Use this to interpret the result of the subtask  (3).

$|H_{\rm B}(f = f_0)| \ =\ $

$|H_{\rm B}(f = 3f_0)| \ =\ $


Solution

(1)  The output signal is the result of the convolution operation between  $x(t)$  and  $h_{\rm A}(t)$:

$$y_{\rm A}(t) = x (t) * h_{\rm A} (t) = \int_{ - \infty }^{ + \infty } {x ( \tau )} \cdot h_{\rm A} ( {t - \tau } ) \hspace{0.1cm}{\rm d}\tau.$$
  • Because of the rectangular function and the duration  $6T$  this can also be written as follows:
$$y_{\rm A}(t) = \frac{1}{6T}\cdot \int_{t-6T}^{t}x(\tau)\hspace{0.15cm} {\rm d}\tau.$$
  • It can be seen that this equation gives the same result  $y_{\rm A}(t) \rm \underline{\: = 1V}$  for all  $t$ .


(2)  The magnitude of the frequency response is  $|H_{\rm A}(f)| = |{\rm si}(\pi \cdot f \cdot 6T)|.$   This has zeros at an interval of  $1/(6T)$ .

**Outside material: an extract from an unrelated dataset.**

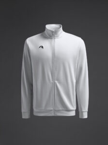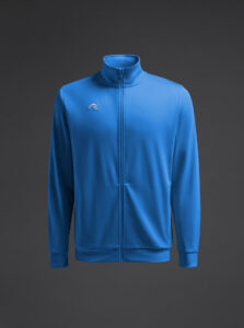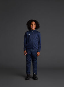 Technical jacket for kids with a high collar, crafted from recycled piqué polyester with a soft brushed lining.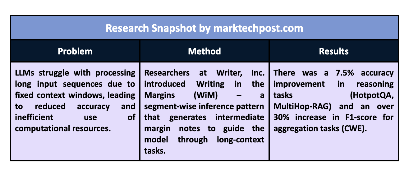 The post Writer Researchers Introduce Writing in the Margins (WiM): A New Inference Pattern for Large Language Models Designed to Optimize the Handling of Long Input Sequences in Retrieval-Oriented Tasks appeared first on MarkTechPost.

  • So, there are also zeros at  $f_0$,  $3f_0$,  $5f_0$  etc., respectively.
  • In particular,  $|H_{\rm A}(f = f_0)| \underline{\: = 0}$ holds, too.
  • From the spectrum  $X(f)$  only the direct component  $1 \hspace{0.05cm} \rm V$  remains unchanged.
  • In contrast to this, all other spectral lines in  $Y_{\rm A}(f)$  are no longer included.


rechts

(3)  Analogous to the subtask  (1)  for the output signal the following can be recorded:

$$y_{\rm B}(t) = \frac{1}{5T}\cdot \int_{t-5T}^{t}x(\tau)\hspace{0.15cm} {\rm d}\tau.$$
  • This results in a triangular shape fluctuating around the mean  $1 \ \rm V$    ⇒   see bottom graph.
  • Since two rectangles and three gaps each are covered by the integration interval, the following holds for  $t = 0,  t = 2T,$  etc.:
$$y_{\rm B}(t) = \frac{2\,{\rm V} \cdot 2T }{5T} \hspace{0.15cm}\underline{= 0.8\,{\rm V} =y_{\rm B}(t=0) }.$$
  • For  $t = T,\ 3T, \ 5T, $  etc., there are three rectangles and two gaps each to be considered: One obtains:
$$y_{\rm B}(t) \underline{\: = 1.2 \: {\rm V}=y_{\rm B}(t=T)}.$$


(4)  The magnitude function is generally or at frequencies  $f = f_0 = 1/(2T)$  and  $f = 3f_0$:

$$\begin{align*} |H_{\rm B}(f)| & = |{\rm si}(\pi \cdot f \cdot 5T)|, \\ |H_{\rm B}(f = f_0)| & = |{\rm si}(\pi \frac{5T}{2T})| = |{\rm si}(2.5\pi )| = \frac{1}{2.5 \pi} \hspace{0.15cm}\underline{= 0.127}, \\ |H_{\rm B}(f = 3f_0)| & = |{\rm si}(7.5\pi )| = \frac{1}{7.5 \pi} \hspace{0.15cm}\underline{=0.042}.\end{align*}$$

Interpretation:

  • The spectral components of the rectangular signal at  $f_0,  3f_0,$  etc., although now no longer suppressed, are increasingly attenuated as the frequency increases, in such a way that the rectangular curve is converted into a periodic triangular signal.   The direct component  $(1 \hspace{0.05cm} \rm V)$  remains unchanged here, too.
  • Thus, both filters provide the average value of the input signal.   For the signal  $x(t)$  at hand the filter  $\rm A$  is more suitable than the filter  $\rm B$ for the determination of the mean value, because for the former the length of the impulse response is a multiple of the period  $T_0 = 2T$ .
  • If this condition – as with the filter  $\rm B$ – is not fulfilled, an error signal (triangular in this example) is still superimposed on the mean value.